The need to build power
Others, such as Moumita Ahmed, would argue that the weight of dealing with race in relation to the system should not rest solely on Sanders’ campaign. Ahmed, a national organizer for Millennials for Bernie, and supporter of Black Lives Matter, spoke with People’s World. She said she felt that the Coates’ article was a bad analysis of the Sanders campaign, and that although she felt he had a right to be critical, he was unfairly targeting Bernie.
Ahmed asserted that “race analysis and class analysis go hand in hand,” and that Sanders isn’t someone that plays “identitarian politics,” but pushes politics that will benefit everyone.
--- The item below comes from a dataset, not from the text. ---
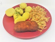 Filet z kurczaka zawijany z serem, ziemniaki z koperkiem, marchewka z jabłkiem ze śmietaną
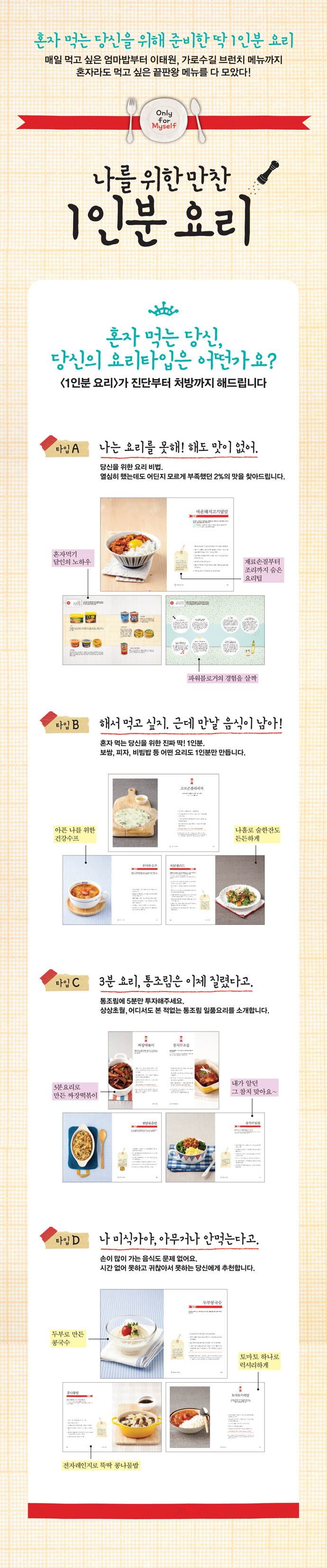 È¥ÀÚ »ç´Â »ç¶÷ÀÌ ¸¹¾ÆÁø ½Ã´ë, °¡Á·ÀÌ À־ È¥ÀÚ ¹ä ¸Ô´Â ¶§°¡ ¸¹¾ÆÁø ½Ã´ë. È¥ÀÚ¶ó´Â ÀÌÀ¯·Î, ±ÍÂú´Ù´Â ÀÌÀ¯·Î Áö±Ý ³»°Ô ÁÖ¾îÁø º¸¾à °°Àº ½Ã°£À» ´ëÃæ Èê·Á¹ö¸®±â¿£ ³Ê¹« ¾Æ±õ½À´Ï´Ù. 1ÀκÐÀÌ´Ï±î ´õ °£´ÜÇÏ°í ´õ ¸ÀÀÖ°Ô ¸¸µé ¼ö ÀÖ´Â ¹æ¹ýÀÌ ¸¹½À´Ï´Ù. ¶Ç 1ÀκÐÀ¸·Î ¸¸µé¾ú´ø ¿ä¸®¸¦ ¸î ¹è·Î ´Ã·Á¼ ÁÁÀº »ç¶÷µé°ú ÇÔ²² ³ª´©´Â Àç¹Ìµµ ½ò½òÇÕ´Ï´Ù. ±ÍÂúÀ½º¸´Ù´Â ³ª¸¦ »ç¶ûÇÏ´Â ¸¶À½À» Ű¿ö ±× ¾î¶² º¸¾àº¸´Ù ´õ ÁÁÀº ¹ä»ó¿¡¼ Å« ÈûÀ» ¹ÞÀ¸½Ã±â ¹Ù¶ø´Ï´Ù. ÃâÆÇ»ç ¼ÆòÈ¥ÀÚ ¸Ô´Â ¹ä»óµµ dz¼ºÇÏ°í ¸ÀÀÖ°Ô! ½Ì±ÛÁ·°ú ¼Ò°¡Á·À» À§ÇÑ ³²±è ¾ø´Â ½ÉÇà ·¹½ÃÇÇ. ´ëÇ¥ ¹ä¹ÝÂùºÎÅÍ Ä«Æä ºê·±Ä¡, ¼ú¾ÈÁÖ, ÅëÁ¶¸²À» ÀÌ¿ëÇÑ ÀÏǰ¿ä¸®±îÁö Ȱ¿ëµµ ³ôÀº 120ǰÀÇ ¿ä¸®¸¦ ´ã¾Ò´Ù. ÃÖ¼ÒÀÇ Àç·á¿Í °úÁ¤À¸·Î ÃÖ´ëÀÇ ¸ÀÀ» ´ã¾Æ³½ °¡Àå È¿À²ÀûÀÎ ¿ä¸®Ã¥ÀÌ´Ù.

She concluded that the ultimate power doesn’t lie in any one candidate, but with the people, “Grassroots push for change. When the grassroots push them [the candidates] they listen.”
Changa expressed similar sentiments, noting, “At some point, for sustainable change to take root we will have to be involved in the political process at the local and state levels, as well as national politics.”
Changa makes an important point that the movement has to demonstrate power in a wide array of sectors that goes beyond questioning racial justice in academia and demonstrations in the streets.
Left-wing hip-hop artist and author Boots Riley explained in a recent interview on Democracy Now that there needs to be an understanding that at the base of this system is the exploitation of labor, and that it is up to activists to push that point. He asserted that “radicals have to organize a new labor movement, a new radical, militant labor movement that withholds labor and breaks the (anti-union) Taft-Hartley laws in order to do that. This will give social movements teeth.”
No saviors
Activists’ close look at the Sanders’ platform has opened a dialogue on a topic that can often get pushed aside on the left: how to address the fact that there can be no true economic justice without an acknowledgment that much of this system is built upon racial and gender oppression.
Intersectionality, (the idea that racism, sexism, classism, etc. are interconnected and cannot be examined separately from one another), is a concept that many on the left and any Democratic presidential hopeful should get familiar with. There are battles in progress (for example, the current court battle around affirmative action) that can serve as a starting point for politicians to begin to address racial disparities, but there is a long way to go. The burden cannot rest on one candidate alone.
AnoaChanga perhaps summarized it best: “People assume [grassroots supporters] want a savior, or someone to save us. I don’t see Bernie as my savior. We are looking for a leader. [There] needs to be a course correction.”